Dax said, “We can contact him later, if—”
Wu gave a small smile. “No need. I believe the ambassador would find a call from the pair of you a convenient excuse to end a rather onerous discussion. If you’ll excuse me for one moment, I’ll fetch him.”
“Thank you, Mister Wu,” Bashir said.
“Very good, sir.” With that, the screen went back to the Federation emblem.
Bashir fidgeted in his seat. Dax, standing behind him, said, “Stop fidgeting, Julian.” Bashir sighed.
Worf’s face replaced the emblem a moment later. Bashir had served with Worf for four years and had eventually learned to be able to tell the taciturn Klingon’s emotions from his eyes. When they widened, he was angry or surprised. When they squinted slightly, he was amused. A deep squint meant caution or respect.
If the expression didn’t change, but his features relaxed ever so slightly, then he was glad to see you. That was the expression he had now, though Bashir suspected it wouldn’t last very long.
“Doctor. Ezri. It is good to hear from you.”
“I doubt you’ll say the same once we tell you why we called, Worf.” Bashir took a deep breath and filled him in.
Worf squinted deeply as Bashir talked, and somehow he didn’t think respect was involved.
Bashir ended by saying, “But by the time we reached Kaga’s, he had already left with some captain or other. He’s on a civilian transport back to Qo’noS even as we speak.”
“Which captain was it?” Worf asked, which struck Bashir as an odd question.
“Dorrek,” Dax said.
Now the eyes widened.
Dax asked, “Do you know him?”
“Yes.” Worf’s voice had deepened, which Bashir did not view as a good sign. “Thank you for bringing this to my attention. I will deal with it.”
And with that, he signed off.
Bashir leaned back. “Good to hear from you, too.”
Frowning, Dax said, “Computer, display Klingon Defense Force service record for Captain Dorrek, son of M’Raq.”
A moment later, a Klingon military record appeared.
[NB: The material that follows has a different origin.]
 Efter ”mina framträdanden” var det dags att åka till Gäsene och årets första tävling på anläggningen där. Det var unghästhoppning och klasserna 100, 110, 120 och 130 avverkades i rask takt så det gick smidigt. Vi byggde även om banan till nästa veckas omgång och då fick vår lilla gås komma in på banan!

Bashir’s Klingon was a bit rusty, but he recognized his most recent posting as the I.K.S. K’mpec.
“There’s a notation in his file that he was discommendated from the House of M’Raq by his older brother, Klag.”
Bashir frowned. “I know that name.” He rubbed his chin. “Of course, Klag’s the captain of the Gorkon—that’s Rodek’s posting!”
“I don’t like this,” Dax said, arms folded. “Why would Rodek leave without even waiting to speak to you with the disgraced brother of his captain?”
“I couldn’t even begin to guess,” Bashir said with a smirk, “primarily because the nuances of Klingon feuds give me a headache.”
“Me, too.” Dax smirked back. She shook her head. “Well, forget it. It’s Worf’s problem now. Curzon said it best: the only people who can deal with Klingons are Klingons. We’ve put the ball in Worf’s court—let him deal with it.”
Nodding, Bashir said, “You’re probably right. I just hope for his sake that it’s relatively painless.”
“That’s one thing I can guarantee it won’t be,” Dax said gravely. “Klingon feuds usually result in much worse than a headache.”
Nineteen
Kenta District
Krennla, Qo’noS
The three boys weren’t around when G’joth went to meet them. He had cut short his “consulting” on The Battle at San-Tarah in order to fulfill his promise to the boys from the previous day.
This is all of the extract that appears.